MIOX and related nodes

Bypass support under stress or in specific tissues

 

3. Key Redox Enzymes and Their Regulatory Levels

3.1 Redox enzymes related to precursor formation

(1) Role of GME in reorganizing the precursor pool

GME is one of the most representative redox-related enzymes at the precursor-formation layer. It not only performs nucleotide-sugar configurational rearrangement, but also determines the composition and branch direction of the precursor pool in the main pathway. Because it is positioned near the branch point of the precursor layer, changes in GME activity commonly alter the relative proportions of the entire precursor pool rather than being confined to fluctuations at a single step.

(2) Terminal continuity mediated by L-GalDH and GLDH

L-GalDH and GLDH together constitute the terminal redox sequence through which galactose precursors are converted into ascorbate. The former determines whether cytosolic precursors can effectively enter the lactone layer, whereas the latter determines whether the mitochondrion can complete final ascorbate formation. Accordingly, regulation of these two enzymes essentially determines whether galactose precursor formation is truly converted into AsA accumulation.

 

3.2 Key recycling enzymes in the AsA-GSH cycle

(1) APX as the consumption interface

Ascorbate peroxidase (APX) is the key enzyme that directly channels ascorbate into H2O2 scavenging reactions. It does not directly increase total AsA levels, but determines whether AsA is rapidly mobilized for ROS detoxification. Therefore, increased APX activity usually indicates that antioxidant defense has been activated, but also means that the reduced form of AsA is consumed more rapidly. If the recycling system does not compensate accordingly, cells may retain a substantial total AsA pool while exhibiting a decline in the proportion of the functionally reduced state.

(2) Functional division between MDHAR and DHAR in recycling

Monodehydroascorbate reductase (MDHAR) is primarily responsible for rapid recovery of the monodehydroascorbate radical and is therefore suitable for immediate replenishment under mildly oxidative backgrounds. Dehydroascorbate reductase (DHAR), by contrast, depends on glutathione to reduce dehydroascorbate back to AsA and is therefore more suited to recycling under moderate or deeper oxidative conditions. Together, these two enzymes determine the replenishment capacity of the AsA pool under different oxidative levels.

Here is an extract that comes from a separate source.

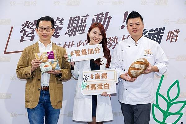 王鵬傑師傅表示,要在麵包中增加蛋白質、膳食纖維並不容易,就算以完全以牛奶、豆漿取代水,也很難達到高蛋白的程度,而且台灣民眾多偏好柔軟的麵包,但膳食纖維含量高的麵包卻又容易有乾硬、粗糙的口感。為了符合衛福部高纖(每百克含6公克以上膳食纖維)及高蛋白(每百克含12公克以上蛋白質)的標準,這系列麵包使用統一超纖與高蛋白專用粉製作,藉由精確比例計算提升膳食纖維與優質蛋白質含量。經焙香細磨的小麥麩皮、裸麥、燕麥,不僅降低粗糙感,還保留穀物香氣,同時也使用15%的統一蛋白質專用粉取代部分麵粉,其牛奶蛋白質來源讓身體更容易吸收利用。
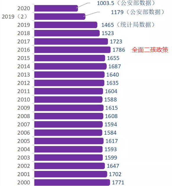 而按照公安部近期发布的《二〇二〇年全国姓名报告》显示,截止12月31日,2020年出生并到公安机关进行户籍登记的新生儿共1003.5万人,比2019年登记的1179万少了175万,降幅接近15%。

(3) Role of GR in supplying reducing power

Glutathione reductase (GR) does not act directly on AsA, but maintains the GSH/GSSG balance and thereby determines whether the DHAR pathway can continue operating. GR therefore lies at the reducing-power supply layer of the AsA-GSH cycle and is a foundational support enzyme for sustaining the long-term functional state of the ascorbate recycling system.

 

3.3 The recycling system and the reducing-power background

(1) Fundamental role of NADPH supply

Continuous operation of the AsA-GSH cycle depends not only on AsA and GSH themselves, but also on stable NADPH supply. Reactions such as those catalyzed by NADP-malate dehydrogenase and cytosolic isocitrate dehydrogenase can provide reducing equivalents for the cytosolic recycling system. If NADPH supply is insufficient, the recycling flux of ascorbate may still be limited even when DHAR and GR are present.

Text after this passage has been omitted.